WHAT YOU HAVE TO DO:
In the entries below, begin at the line that has "A Novus Liget" and stop after the line that has "- Máy bơm hơi"; output those lines exactly, leaving out pictures.

TASK DATA:
%%

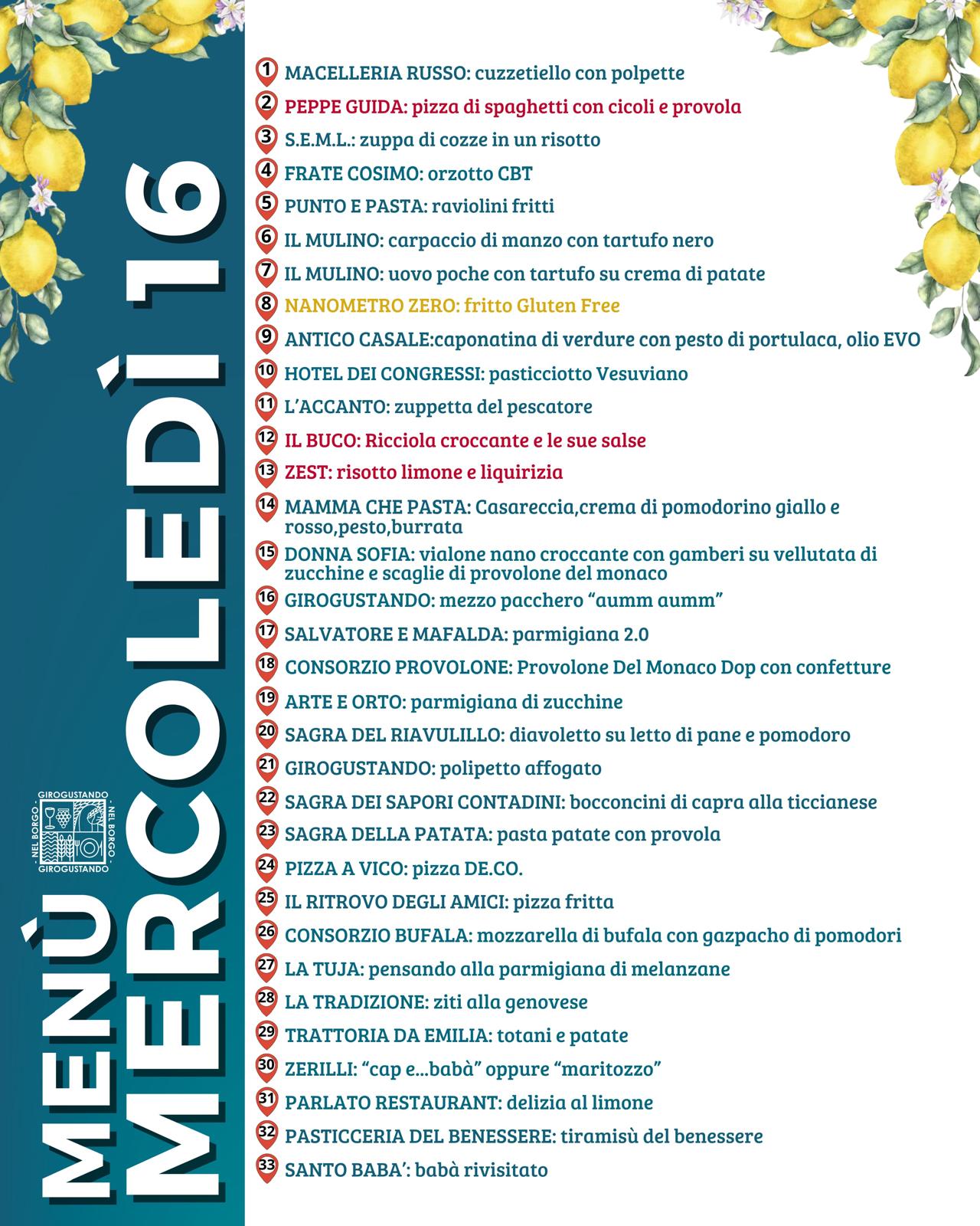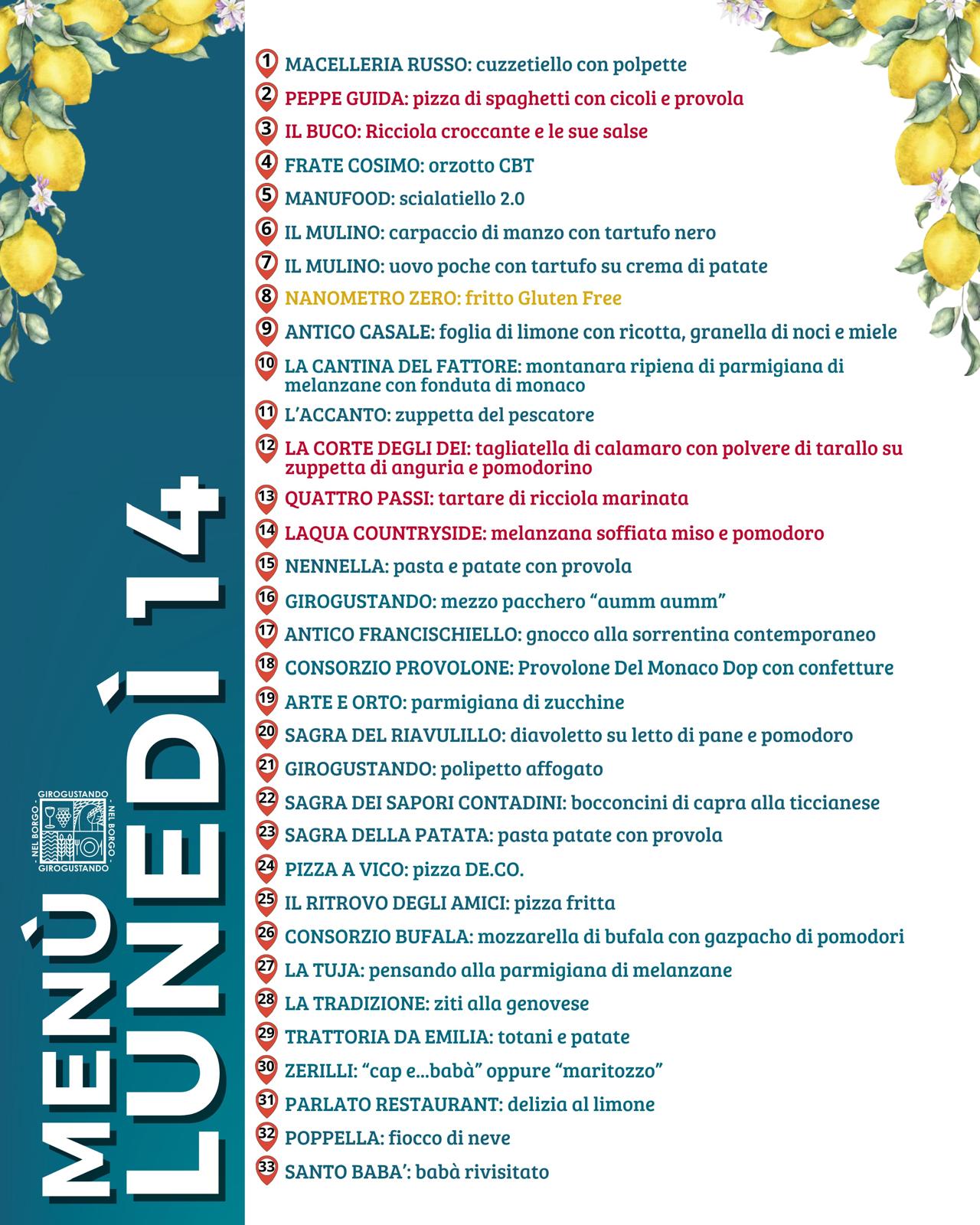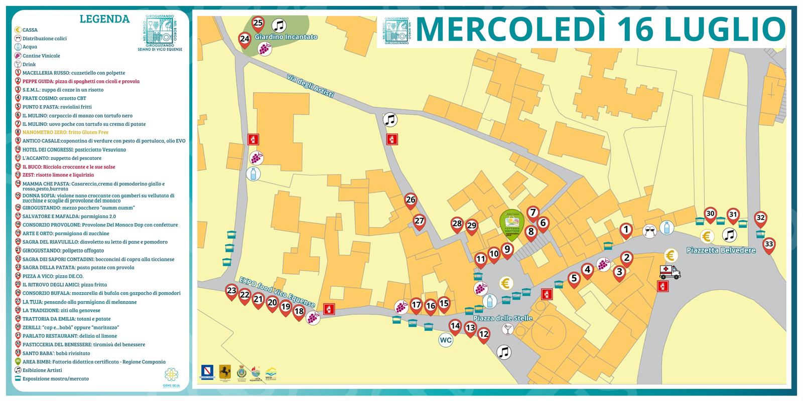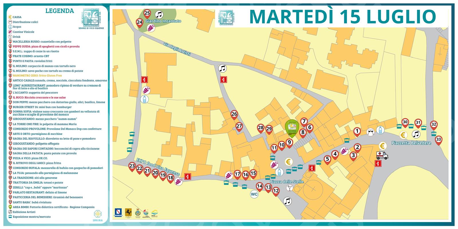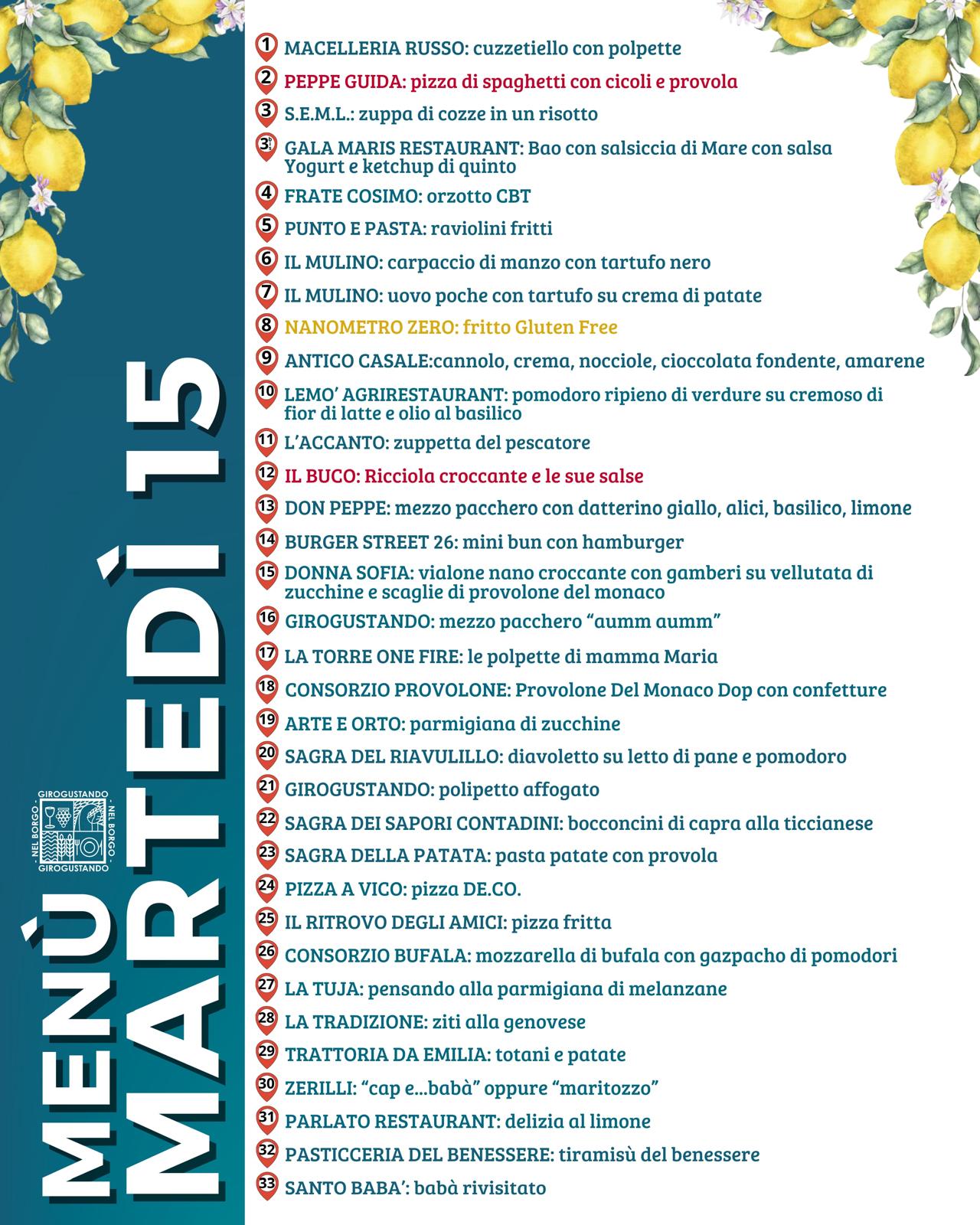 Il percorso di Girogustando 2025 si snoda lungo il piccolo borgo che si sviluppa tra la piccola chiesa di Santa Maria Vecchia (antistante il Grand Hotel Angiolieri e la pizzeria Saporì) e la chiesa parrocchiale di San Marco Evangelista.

%%
%%

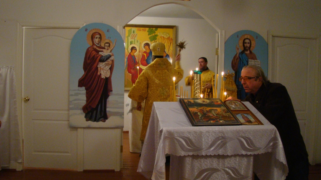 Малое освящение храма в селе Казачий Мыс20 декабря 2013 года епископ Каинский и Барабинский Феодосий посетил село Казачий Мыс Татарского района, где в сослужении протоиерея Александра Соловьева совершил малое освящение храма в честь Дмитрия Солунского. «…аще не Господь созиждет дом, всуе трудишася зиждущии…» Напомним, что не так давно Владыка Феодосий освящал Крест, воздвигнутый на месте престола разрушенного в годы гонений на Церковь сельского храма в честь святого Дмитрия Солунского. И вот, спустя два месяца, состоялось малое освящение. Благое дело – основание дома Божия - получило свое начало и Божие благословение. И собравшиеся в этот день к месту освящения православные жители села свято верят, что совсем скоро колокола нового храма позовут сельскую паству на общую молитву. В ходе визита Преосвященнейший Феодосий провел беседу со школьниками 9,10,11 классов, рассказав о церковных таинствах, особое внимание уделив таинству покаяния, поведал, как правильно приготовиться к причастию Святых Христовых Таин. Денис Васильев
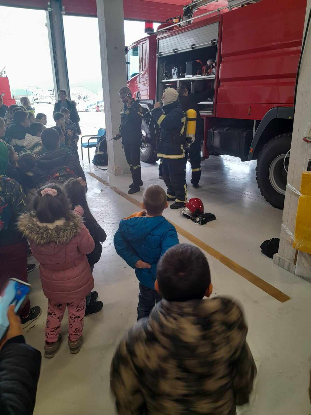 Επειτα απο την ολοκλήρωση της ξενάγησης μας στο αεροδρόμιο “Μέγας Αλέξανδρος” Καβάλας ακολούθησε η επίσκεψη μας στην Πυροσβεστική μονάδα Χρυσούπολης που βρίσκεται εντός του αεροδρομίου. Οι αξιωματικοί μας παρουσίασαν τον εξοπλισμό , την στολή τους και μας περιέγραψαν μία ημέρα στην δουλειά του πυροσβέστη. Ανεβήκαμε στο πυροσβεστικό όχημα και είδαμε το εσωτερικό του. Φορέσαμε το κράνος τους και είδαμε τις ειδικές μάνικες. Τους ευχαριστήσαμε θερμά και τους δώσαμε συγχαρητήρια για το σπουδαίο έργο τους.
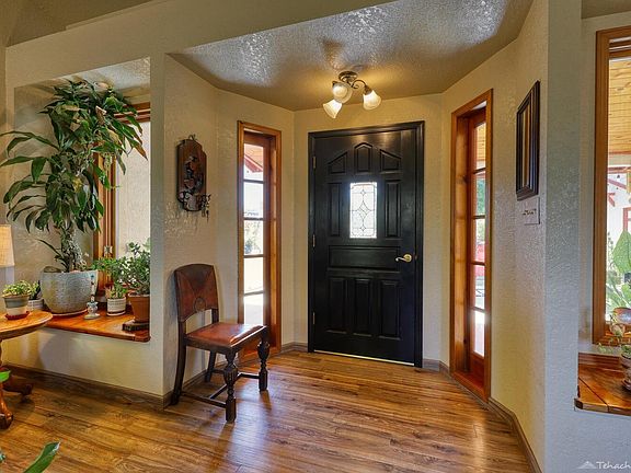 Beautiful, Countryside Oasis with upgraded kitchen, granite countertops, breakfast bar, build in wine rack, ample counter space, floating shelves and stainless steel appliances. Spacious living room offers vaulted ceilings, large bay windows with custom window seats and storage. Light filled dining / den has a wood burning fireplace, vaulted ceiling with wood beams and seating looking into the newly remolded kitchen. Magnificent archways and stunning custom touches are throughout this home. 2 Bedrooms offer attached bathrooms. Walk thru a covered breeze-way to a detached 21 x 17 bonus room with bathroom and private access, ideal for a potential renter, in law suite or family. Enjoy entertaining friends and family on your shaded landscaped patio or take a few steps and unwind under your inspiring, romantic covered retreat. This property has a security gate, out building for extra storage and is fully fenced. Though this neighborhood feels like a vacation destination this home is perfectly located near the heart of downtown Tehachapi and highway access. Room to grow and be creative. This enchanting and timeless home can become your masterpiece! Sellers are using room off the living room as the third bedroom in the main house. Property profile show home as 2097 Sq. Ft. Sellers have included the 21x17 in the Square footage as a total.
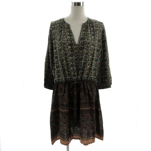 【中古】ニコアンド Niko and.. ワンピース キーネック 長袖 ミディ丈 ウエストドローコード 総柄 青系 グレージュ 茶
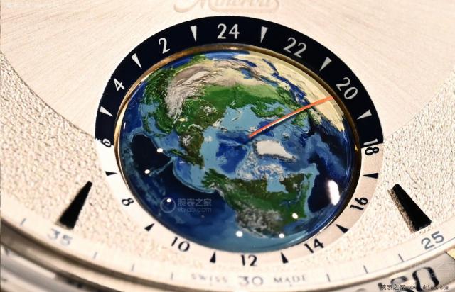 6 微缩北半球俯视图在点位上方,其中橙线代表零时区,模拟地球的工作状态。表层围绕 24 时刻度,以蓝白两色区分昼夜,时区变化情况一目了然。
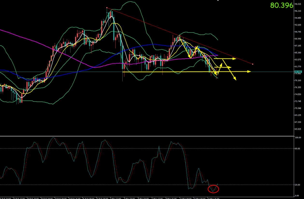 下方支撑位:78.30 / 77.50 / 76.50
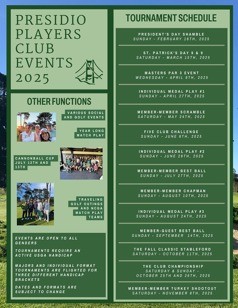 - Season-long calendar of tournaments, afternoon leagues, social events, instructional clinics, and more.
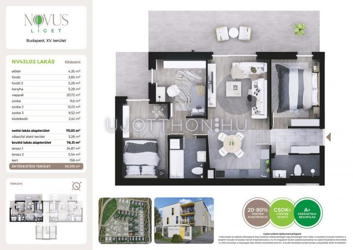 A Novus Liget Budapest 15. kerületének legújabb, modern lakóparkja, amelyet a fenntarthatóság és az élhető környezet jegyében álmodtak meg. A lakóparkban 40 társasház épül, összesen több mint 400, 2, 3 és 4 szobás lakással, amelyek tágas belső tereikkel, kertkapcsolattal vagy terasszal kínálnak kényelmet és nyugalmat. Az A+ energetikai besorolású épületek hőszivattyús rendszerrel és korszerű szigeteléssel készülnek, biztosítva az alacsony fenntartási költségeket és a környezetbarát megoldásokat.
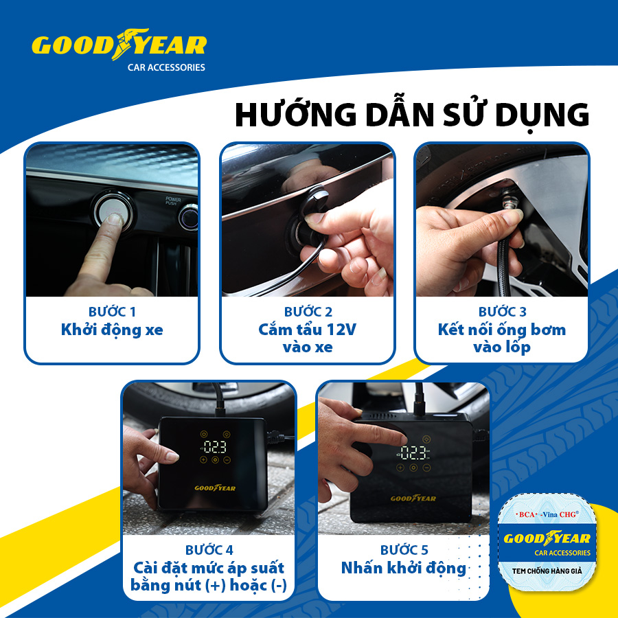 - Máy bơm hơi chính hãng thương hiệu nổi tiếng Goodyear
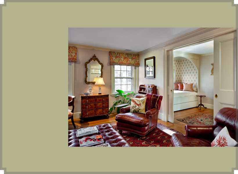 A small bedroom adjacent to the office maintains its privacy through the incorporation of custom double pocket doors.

%%

RESPONSE AREA:
 A Novus Liget Budapest 15. kerületének legújabb, modern lakóparkja, amelyet a fenntarthatóság és az élhető környezet jegyében álmodtak meg. A lakóparkban 40 társasház épül, összesen több mint 400, 2, 3 és 4 szobás lakással, amelyek tágas belső tereikkel, kertkapcsolattal vagy terasszal kínálnak kényelmet és nyugalmat. Az A+ energetikai besorolású épületek hőszivattyús rendszerrel és korszerű szigeteléssel készülnek, biztosítva az alacsony fenntartási költségeket és a környezetbarát megoldásokat.
 - Máy bơm hơi chính hãng thương hiệu nổi tiếng Goodyear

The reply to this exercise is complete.